This article discusses the engineering trade-offs that truly matter – alloy selection, machining parameters, finishing choices and cost control. Data points and references used are all verifiable, and key recommendations are based on measured results.
Why Aluminum Is the Most CNC-Machined Non-Ferrous Metal
Three measurable factors drive this dominance: low density, easy machinability and inherent corrosion resistance. With a density of 2.7 grams per cubic centimeter, aluminum will weigh approximately sixty-five percent less than steel (7.8 grams per cubic centimeter) and forty percent less than titanium (4.5 grams per cubic centimeter) based on values from the Titanium Processing Center.
2.7 g/cm³
Aluminum Density
3–4×
Faster Than Steel Machining
65%
Lighter Than Steel
In terms of machinability, the benefit is easily quantifiable. Aluminum CNC machining cycles three to four times quicker than steel or titanium parts from the same block as aluminum chips cut off of tools weigh less and generate lower cutting forces – thus the faster cycle times and cost savings.

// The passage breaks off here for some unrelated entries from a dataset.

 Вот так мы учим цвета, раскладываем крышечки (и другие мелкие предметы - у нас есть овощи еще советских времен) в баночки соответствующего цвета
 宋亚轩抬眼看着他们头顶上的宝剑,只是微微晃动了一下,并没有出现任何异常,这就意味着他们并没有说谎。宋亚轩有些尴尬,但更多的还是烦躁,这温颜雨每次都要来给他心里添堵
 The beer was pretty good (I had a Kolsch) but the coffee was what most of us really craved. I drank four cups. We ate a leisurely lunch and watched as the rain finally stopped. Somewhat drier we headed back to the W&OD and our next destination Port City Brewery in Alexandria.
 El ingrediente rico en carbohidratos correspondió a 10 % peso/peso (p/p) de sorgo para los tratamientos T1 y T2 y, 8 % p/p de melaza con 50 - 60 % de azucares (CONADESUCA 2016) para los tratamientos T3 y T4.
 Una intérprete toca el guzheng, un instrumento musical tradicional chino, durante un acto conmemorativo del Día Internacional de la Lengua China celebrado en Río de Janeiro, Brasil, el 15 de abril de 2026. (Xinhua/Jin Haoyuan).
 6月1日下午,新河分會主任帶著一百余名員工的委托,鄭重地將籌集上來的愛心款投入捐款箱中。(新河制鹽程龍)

A natural oxide layer also provides corrosion resistance without additional coating – however, most machined aluminum components still undergo anodizing or other exterior finishing processes for aerospace, automotive or electronics applications that require higher level of corrosion protection.
| Property | Aluminum | Steel (Mild) | Titanium (Ti-6Al-4V) |
|---|---|---|---|
| Density (g/cm³) | 2.7 | 7.8 | 4.5 |
| Specific Strength (kN·m/kg) | 110–120 | 45–50 | ~200 |
| Relative Machining Speed | 1× (baseline) | 0.25–0.33× | 0.15–0.25× |
| Natural Corrosion Resistance | Yes (oxide layer) | No (rusts) | Yes (oxide layer) |
Combining low weight with high specific strength, aluminum delivers about twice the specific strength of mild steel – thus it remains the default heavy structure choice in the presence of titanium’s budgetary considerations.

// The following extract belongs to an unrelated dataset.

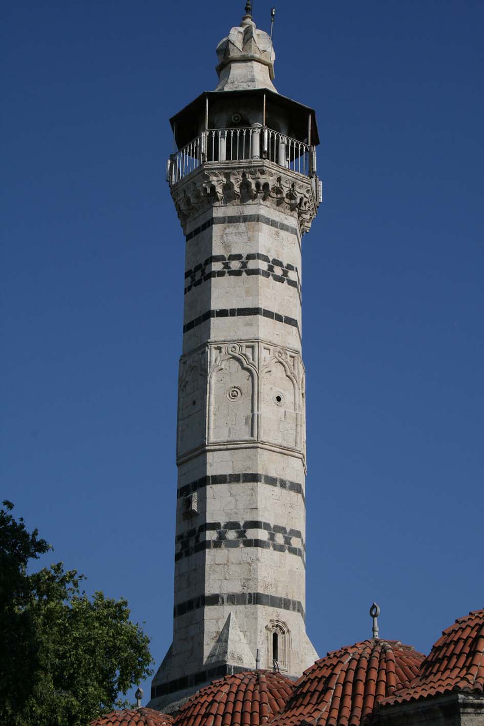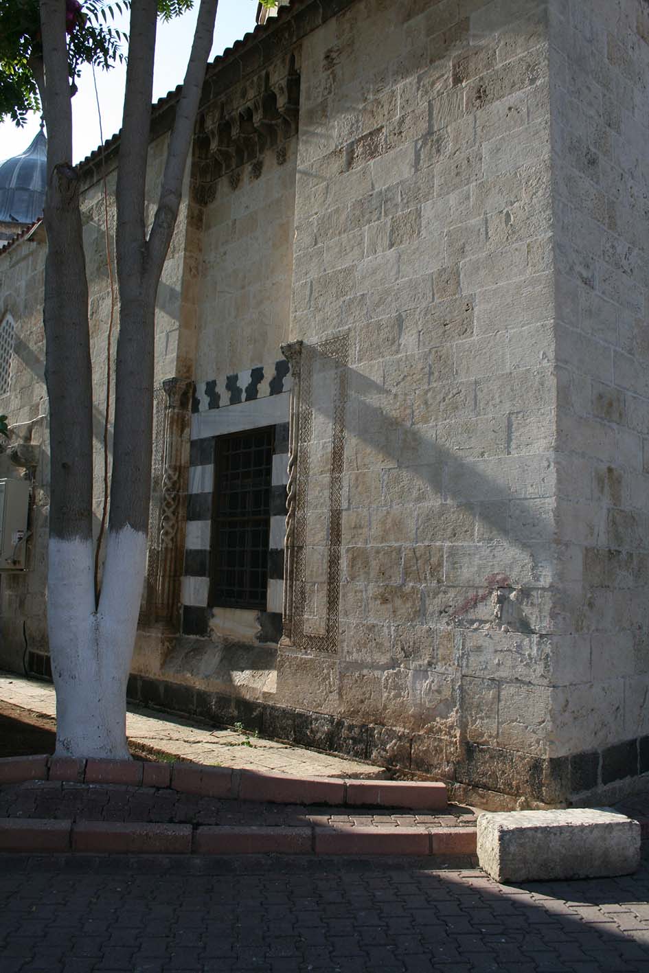 Le portail est, les ouvertures ainsi que le minaret sont entièrement d’inspiration Mamluk, ces éléments reprennent le programme ornemental des édifices mamluk d’Alep, comme la mosquée al-Tawashî (774/1372) ou le tombeau de Khairbak (920/1514) par exemple.[3] Le travail de cette partie est peut-être l’œuvre d’un atelier itinérant en provenance d’Alep.[4]
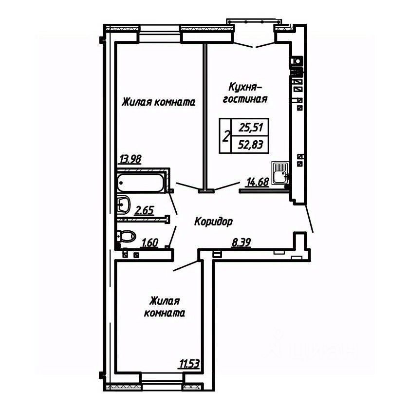 Продаётся 2-комнатная квартира в строящемся доме (Дом 10 Корпус 1), срок сдачи: IV-кв. 2026, общей площадью 52.83 кв.м., на 4 этаже.

Types of Aluminum Alloys Used in CNC Machining
Not all CNC aluminum alloys machine the same. The following four alloys comprise 90 percent of all CNC aluminum tooling and machined parts used in aerospace, automotive, marine and general industrial end uses. Material selection should be based on the specific loading, corrosion environment and whether the CNC machined aluminum parts will be welded afterwards.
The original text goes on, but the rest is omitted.